What is required
Take the lines in the listing below from the line with "一支爱心运输车队缓缓开进乡间农场" up to and including the line with "Jedes Modul (mit" and set them down exactly, skipping pictures and adding nothing.

The data
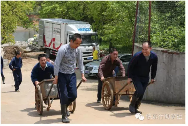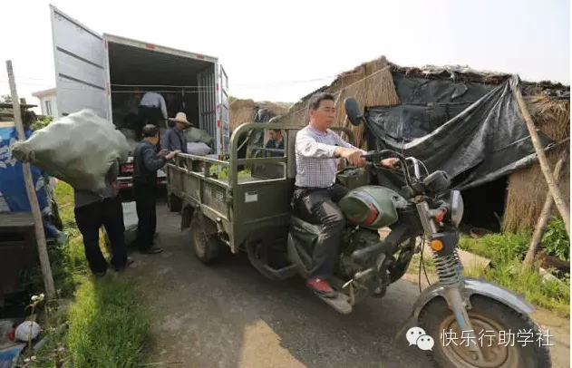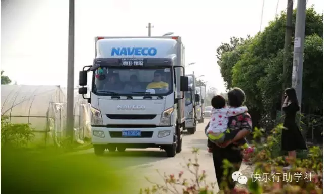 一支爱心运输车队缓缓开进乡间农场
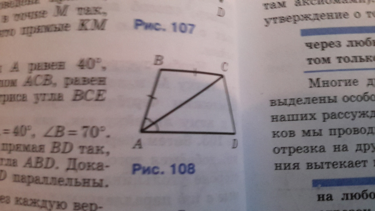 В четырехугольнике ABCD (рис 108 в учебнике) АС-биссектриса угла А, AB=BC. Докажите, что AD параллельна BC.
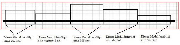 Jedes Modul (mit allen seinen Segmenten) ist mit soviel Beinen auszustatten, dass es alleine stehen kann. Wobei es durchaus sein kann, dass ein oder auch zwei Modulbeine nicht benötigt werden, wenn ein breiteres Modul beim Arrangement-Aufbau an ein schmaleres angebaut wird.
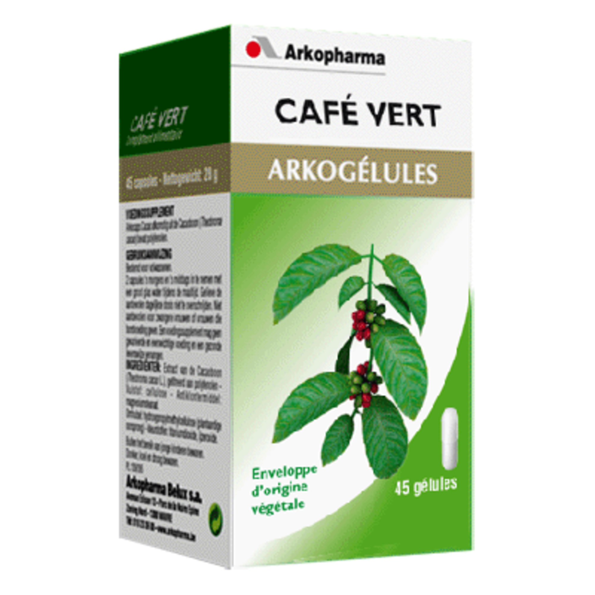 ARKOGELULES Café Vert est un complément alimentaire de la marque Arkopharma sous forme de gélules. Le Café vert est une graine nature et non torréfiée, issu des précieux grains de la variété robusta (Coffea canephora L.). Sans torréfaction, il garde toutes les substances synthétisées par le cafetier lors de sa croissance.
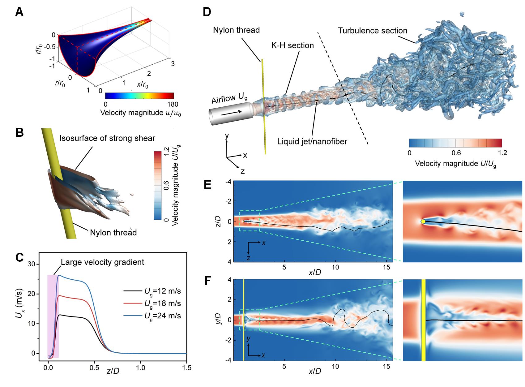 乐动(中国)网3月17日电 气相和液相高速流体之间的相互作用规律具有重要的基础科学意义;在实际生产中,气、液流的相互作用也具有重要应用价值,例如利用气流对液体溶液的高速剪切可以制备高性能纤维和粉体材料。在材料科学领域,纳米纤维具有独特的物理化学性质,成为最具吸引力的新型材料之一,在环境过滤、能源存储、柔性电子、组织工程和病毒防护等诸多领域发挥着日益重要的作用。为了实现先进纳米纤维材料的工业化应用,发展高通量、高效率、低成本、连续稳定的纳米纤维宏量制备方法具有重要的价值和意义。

==

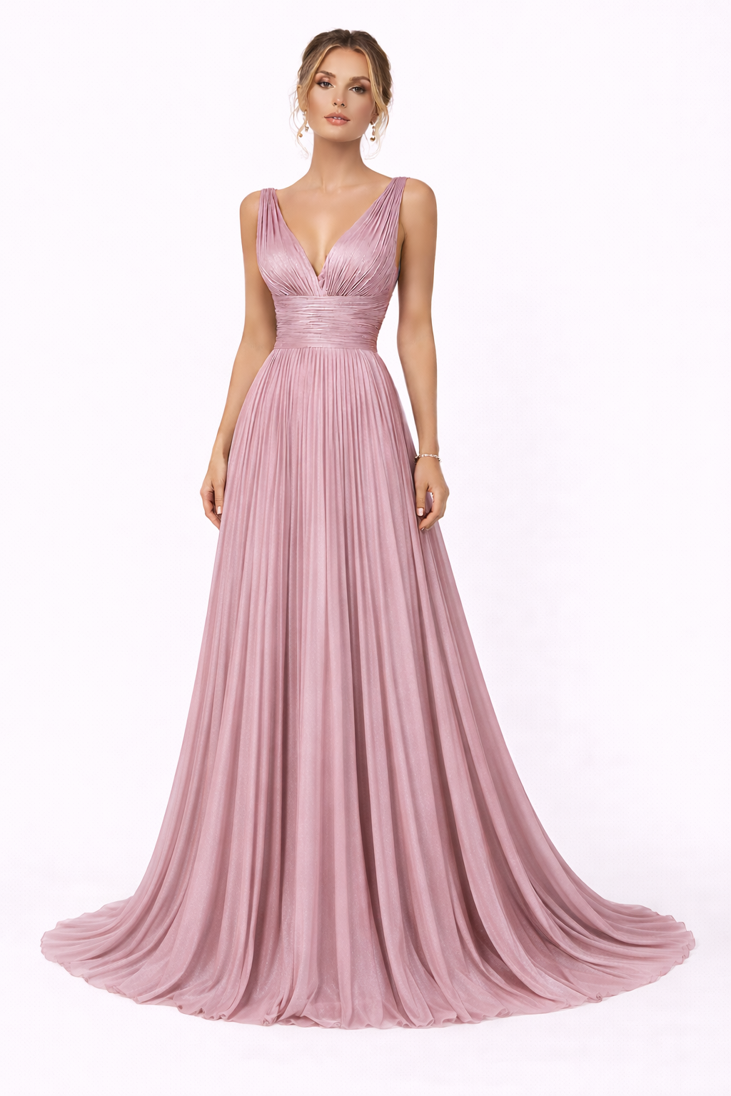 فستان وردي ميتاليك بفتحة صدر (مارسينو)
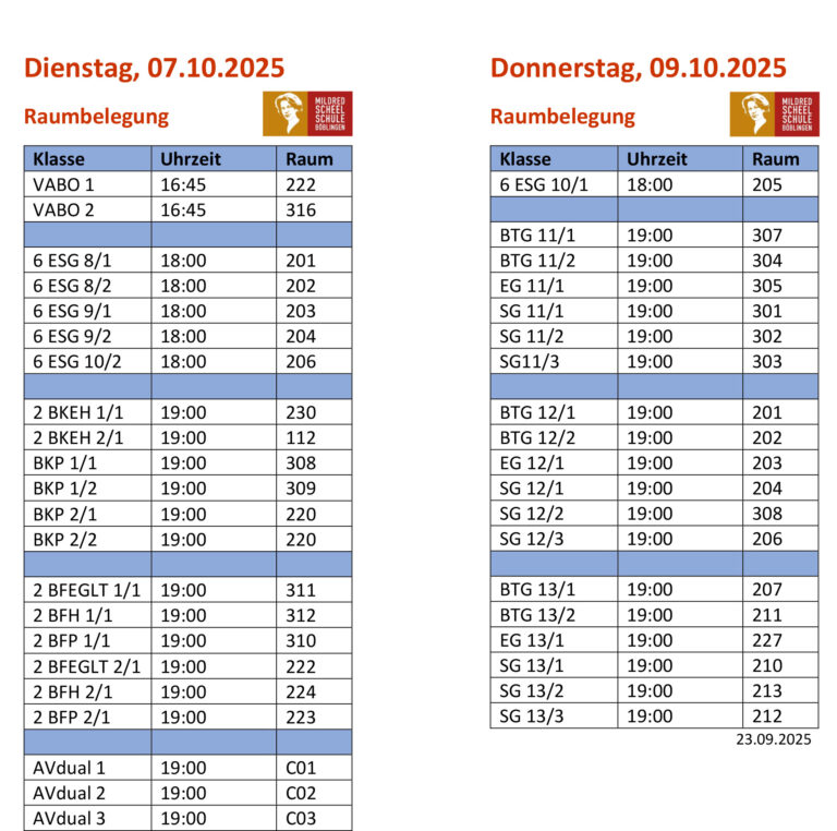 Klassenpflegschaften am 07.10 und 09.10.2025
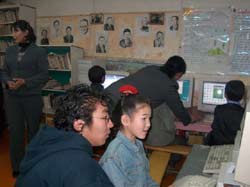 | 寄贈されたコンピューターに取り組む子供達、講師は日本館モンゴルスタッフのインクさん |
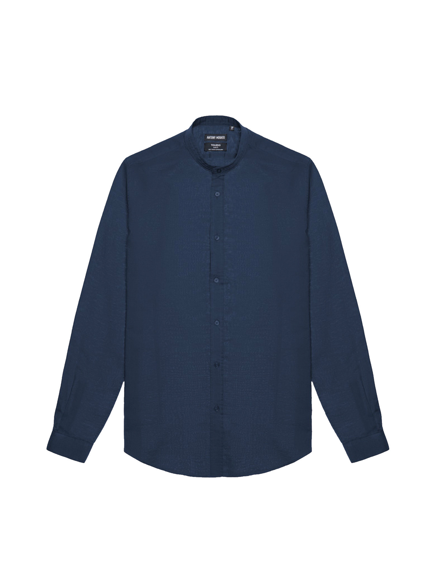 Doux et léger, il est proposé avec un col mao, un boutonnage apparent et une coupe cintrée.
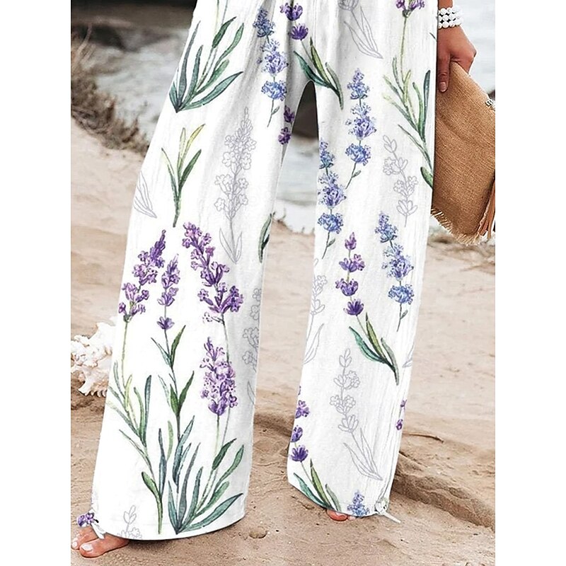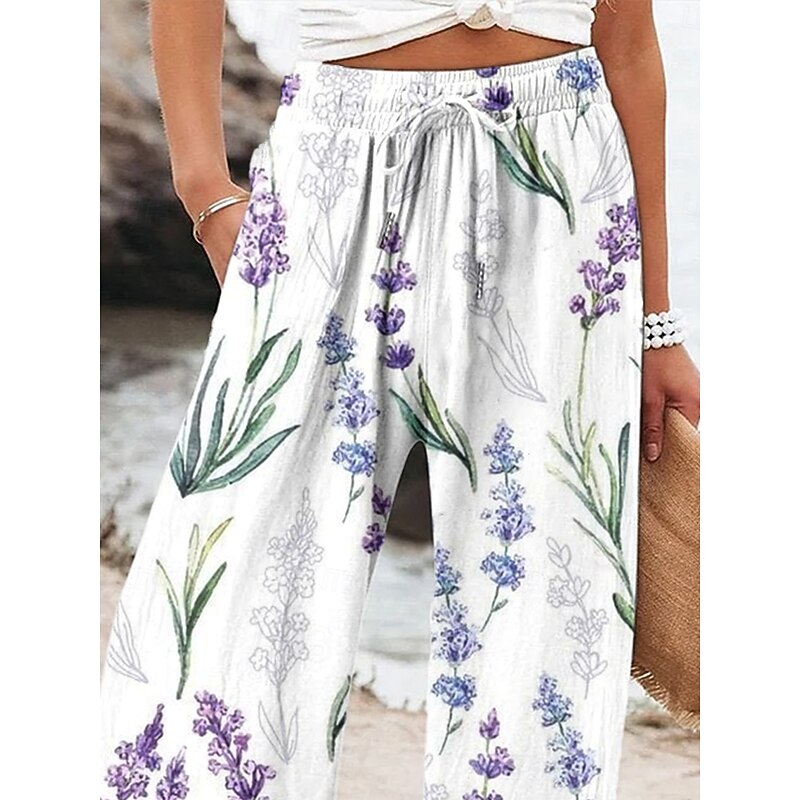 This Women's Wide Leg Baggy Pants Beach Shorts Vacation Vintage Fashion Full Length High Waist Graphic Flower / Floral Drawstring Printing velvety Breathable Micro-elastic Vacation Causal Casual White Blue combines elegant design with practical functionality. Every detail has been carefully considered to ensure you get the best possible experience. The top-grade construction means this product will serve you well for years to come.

Solution for this problem
 一支爱心运输车队缓缓开进乡间农场
 В четырехугольнике ABCD (рис 108 в учебнике) АС-биссектриса угла А, AB=BC. Докажите, что AD параллельна BC.
 Jedes Modul (mit allen seinen Segmenten) ist mit soviel Beinen auszustatten, dass es alleine stehen kann. Wobei es durchaus sein kann, dass ein oder auch zwei Modulbeine nicht benötigt werden, wenn ein breiteres Modul beim Arrangement-Aufbau an ein schmaleres angebaut wird.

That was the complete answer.